US Treasury Releases Final And Proposed Regulations On Qualified Foreign Pension Funds And Other Issues Under FIRPTA

Published date25 January 2023
Subject MatterFinance and Banking, Employment and HR, Tax, Financial Services, Fund Management/ REITs, Retirement, Superannuation & Pensions, Capital Gains Tax, Withholding Tax
Law FirmMayer Brown
AuthorMs Michelle M. Jewett, Jeffrey Bruns, Matthew McDonald, JoonBeom Pae, Michael Loquercio and Xiao Xiao

On December 28, 2022, the Treasury Department and the Internal Revenue Service ("IRS") released final regulations regarding the Section 897(l)1 exception from the Foreign Investment in Real Property Tax Act ("FIRPTA") for qualified foreign pension funds ("QFPFs") ("Final Regulations").2 On the same day, the Treasury Department and the IRS also proposed regulations clarifying the treatment of QFPFs under Section 892 and making certain changes to the rules surrounding domestically controlled qualified investment entities and related FIRPTA exceptions ("2022 Proposed Regulations").3

This Legal Update provides a review of certain rules provided in the Final Regulations and the 2022 Proposed Regulations, including comparisons to the prior proposed regulations.

QFPF Final Regulations

The PATH Act4 added Section 897(l) in 2015, which provides a complete exemption from taxation under Section 897 for gain or loss recognized by a QFPF attributable to the disposition of, and certain distributions with respect to, United States real property interests ("USRPIs"). On June 6, 2019, the Treasury Department and the IRS released proposed regulations under Section 897(l) ("2019 Proposed Regulations").5 The 2019 Proposed Regulations provided guidance regarding the scope of the Section 897(l) exemption, the requirements for an entity to qualify as a QFPF, and related withholding tax rules under Sections 1445 and 1446.
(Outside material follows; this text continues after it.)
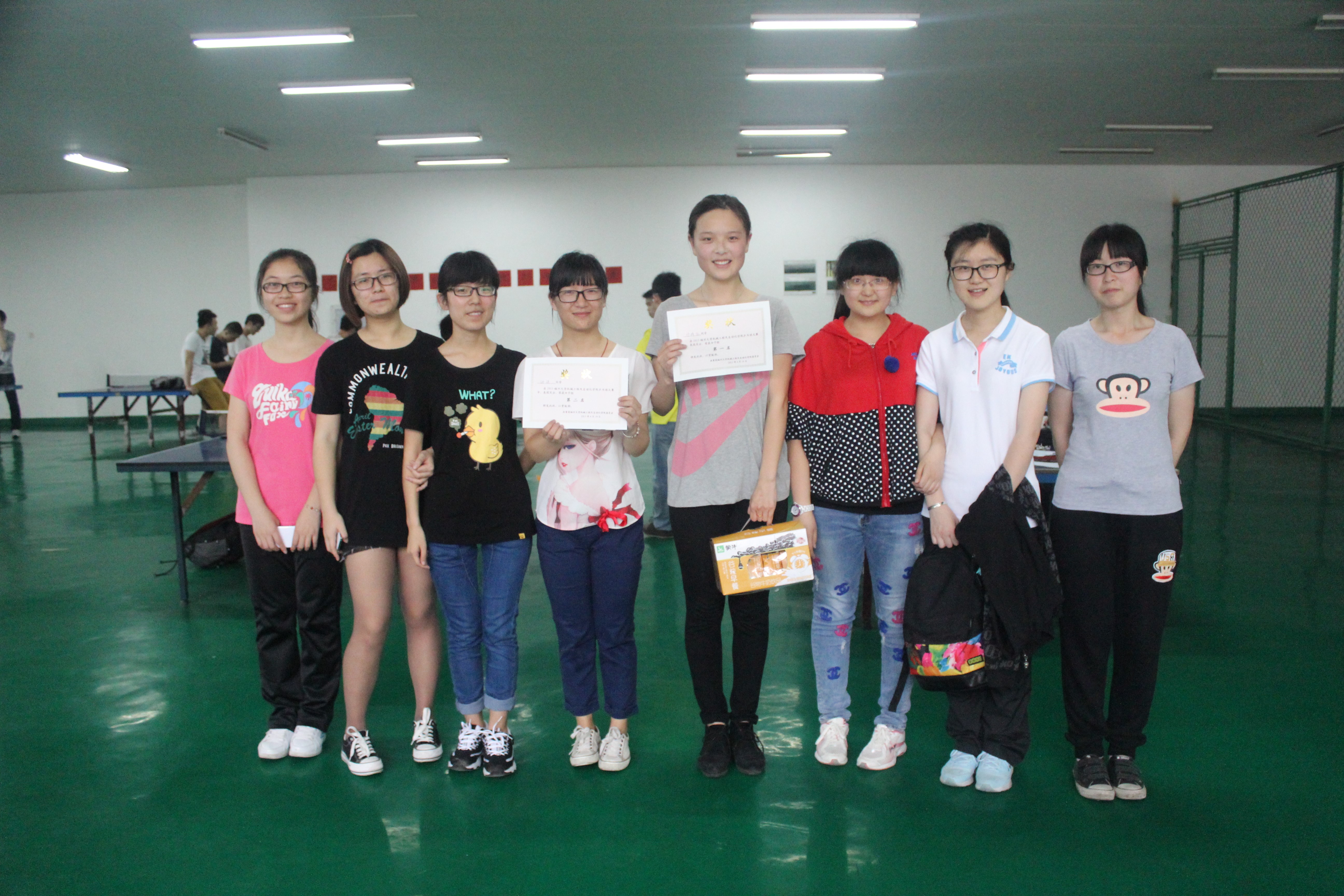 协会在2014年12月份成立了机械学院乒乓球队,目前有男、女队员共15名,代表了机械学院的最高水平。球队经过几个月的训练之后,最终选出7名队员代表机械学院在“振奋杯”乒乓球赛中获得团体第五名。

The Final Regulations retain the general approach and structure of the 2019 Proposed Regulations with certain revisions and clarifications that generally are favorable for trusts or other entities seeking QFPF status. In general, the Final Regulations are effective on December 29, 2022, although certain rules will apply with respect to dispositions and distributions occurring on or after June 6, 2019. In addition, an eligible fund may apply the Final Regulations to dispositions and distributions occurring on or after December 18, 2015, provided that the eligible fund and all other relevant persons consistently apply all applicable rules for all relevant years.

1. Scope of the Exception

Under Section 897(l), a QFPF, or an entity all the interests of which are held by a QFPF, is not treated as a nonresident alien individual or a foreign corporation for purposes of Section 897. As such, under the Code, QFPFs (and entities wholly owned by QFPFs) are exempt from FIRPTA with respect to gain attributable to the disposition of USRPIs. The 2019 Proposed Regulations introduced the concepts of "qualified holders," "qualified controlled entities" and "qualified segregated accounts." Under the 2019 Proposed Regulations, gain or loss of a "qualified holder" from the disposition of a USRPI (including a REIT capital gain dividend as described in Section 897(h)) is not subject to Section 897(a) to the extent the gain or loss is attributable to one or more "qualified segregated accounts" maintained by the qualified holder. As defined in the 2019 Proposed Regulations, a qualified holder is a QFPF or a "qualified controlled entity." The Final Regulations generally adopt the relevant concepts related to the scope of the exception as provided in the 2019 Proposed Regulations.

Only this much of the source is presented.